Book Review: Yummy by G. Neri

by Notorious Spinks on 03.31.2011

yummy by g. neri

In August of 1994, 11-year-old Robert “Yummy” Sandifer—nicknamed for his love of sweets—fired a gun at a group of rival gangmembers, accidentally killing a neighborhood girl, Shavon Dean. Police searched Chicago’s southside for three days before finding Yummy dead in a railway tunnel, killed by members of the drug gang he’d sought to impress. The story made such an impact that Yummy appeared on the cover of TIME magazine, drawing national attention to the problems of inner city youth in America.

Yummy by G. Neri

Yummy: The Last Days of a Southside Shorty, a graphic novel, written by Greg Neri and Illustrated by Randy DuBurke is told from the P.O.V. of Roger.  Roger is an 11-year-old kid who lived in the same community as both victims, Yummy and Shavon.   However, as the media added their usual hype to the news story and as thousands of viewers and readers around the country speculated, Roger searched for the truth.  He wasn’t satisfied with the vilified image of Yummy that the media produced.  Yes Yummy had bullied him in the past but Yummy was still a kid from a broken home who liked to sleep with his teddy bear.

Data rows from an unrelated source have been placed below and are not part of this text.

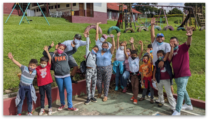
Waving goodbye after a week with the kids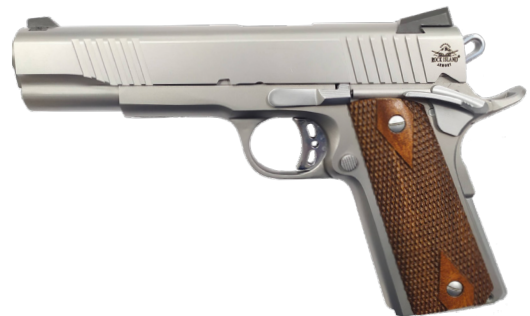
EFS STAINLESS STEEL 1911 F5

ITEM CODE CALIBER CAPACITY BARREL LENGTH 51857 45ACP 7 4.2"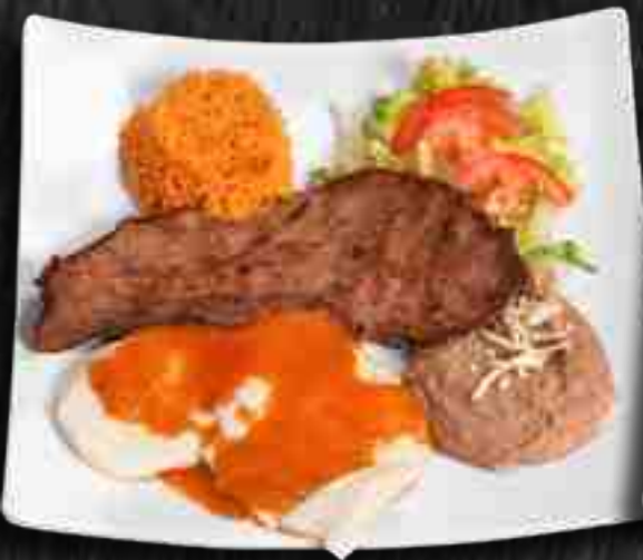
Huevos Con Cecina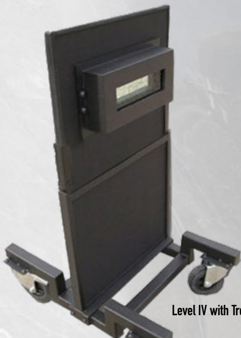
Level IV with Trolley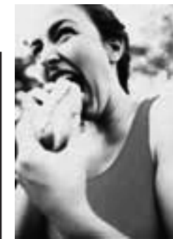
Located at 6th & Lombard for almost 100 years across from Starr Garden.

I usually don’t read graphic novels but I found the illustrations in this book to be nice.  I enjoyed the pictures and reading the captions.  However, the story line wasn’t quite there for me.  I could tell that it was written by an “outsider.”  Although Neri did a decent job with the dialogue I wasn’t sure if I bought it.  I felt like he was on the outside looking in.  There was a feel of him writing about an inner-city neighborhood but not quite connecting to the neighborhood.

On the other hand, Neri did create an outlet for people who have no idea about the ‘hood to feel as if they’re getting a front row seat to the party.  When I finished reading I just felt like this is one of those books that continue to feed stereotypical images to those who don’t have clue about the inner-city and can’t buy a vowel.  One thing I do agree with is as the author noted:

So, was Yummy a cold-blooded killer or a victim?  The answer is not black-and-white.